172P - HER2 expression across solid tumors and real-world implications for use of fam-trastuzumab deruxtecan-nxki (T-Dxd)

Background

On April 5, 2024, FDA granted accelerated approval to T-Dxd for adult patients with metastatic HER2-positive Immunohistochemistry (IHC) 3+ relapsed/refractory solid tumors. However, the real-world expression of HER2 across solid tumors and its implications in clinical practice are unknown.

Methods

Solid tumor specimens from UAB sent to Caris Life Sciences were analyzed for HER2 status. HER2 (ERBB2) copy number amplification (amp) was determined by comparing sample's average depth and sequencing depth of each exon to a pre-calibrated reference. Copy number (CN) > 6 was classified as positive, while CN ≥ 6 with low statistical confidence was labeled as intermediate. HER2 variants (SNV/INDELs) were categorized based on ACMG standards. IHC assays were performed using FDA-approved companion diagnostic tests: HER2/neu (PATHWAY anti-HER-2/neu (4B5), Ventana). IHC results adhere to ASCO/CAP scoring criteria: 0 (no expression), 1+, 2+, or 3. Data from these test reports were extracted and analyzed using descriptive statistics.

Results

We analyzed 653 cases across 24 cancer types: colorectal carcinoma (30.3%, n=198), uterine neoplasms (21.3%, n=139), metastatic breast carcinoma (10.1%, n=66), cholangiocarcinoma (8.6%, n=56) & ovarian/fallopian carcinomas (6.9%, n=45). Tumors with highest proportion of HER2 IHC 3+ in our cohort were salivary gland tumors (16.7%, n=1), esophageal/esophagogastric junction carcinoma (10.3%, n=3), breast carcinoma (9.1%, n=6), ovarian/fallopian carcinomas (6.7%, n=3) & cholangiocarcinoma (3.6%, n=2). HER2 IHC scores were 3.1% IHC 3+ (n=20), 13.2% IHC 2+ (n=86) & 19.8% IHC 1+ (n=129). CNV analysis revealed 3.1% (n=20) with positive amp & 3.5% (n=23) intermediate. Moreover, 3.1% (n=20) harbored pathogenic HER2 mutations. HER2 amp & overexpression varied notably among tumor types. In the positive CNV amp cohort, 75% showed IHC 3+ status, whereas, only 8.7% in the intermediate group. Interestingly, in cases with pathogenic HER2 mutations, only 5% had IHC 3+.

Conclusions

Our study highlights the variable expression and significance of HER2 testing across multiple solid tumor types, reinforcing the importance of HER2 testing to optimize the utilization of T-Dxd in the real-world setting.

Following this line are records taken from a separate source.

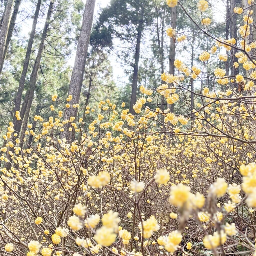 群生地内はミツマタだらけのトンネルのような道が続きます。携帯で撮影した写真ですが、どの角度も黄色の花に包まれる幻想的な空間。人が写り込まないように工夫しながら撮影したため、雰囲気だけでも感じていただければ幸いです。
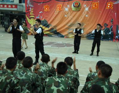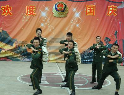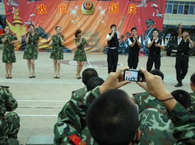 > 武警湖北总队文艺兵与执勤官兵联欢庆国庆
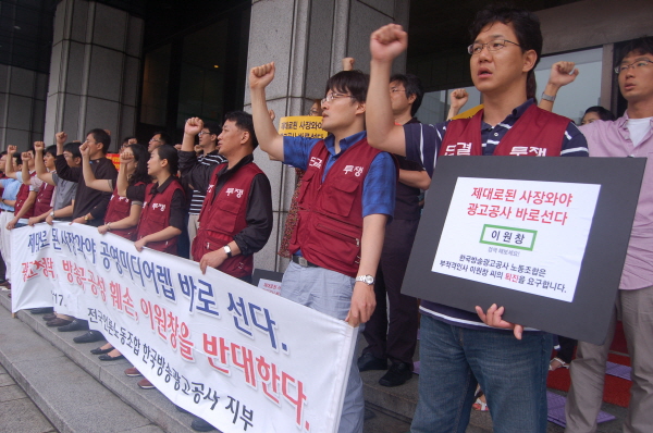코바코 노조는 이원창 신임 사장이 첫 출근한 지난 14일부터 12일째 아침 집회를 여는 등 ‘사장 퇴진 투쟁’을 벌이고 있다.

Clinical trial identification

Editorial acknowledgement

Legal entity responsible for the study

The authors.

Funding

Has not received any funding.

Disclosure

A. Desai: Financial Interests, Personal, Advisory Board: Sanofi, Amgen, AstraZeneca, Janssen, Foundation Medicine. All other authors have declared no conflicts of interest.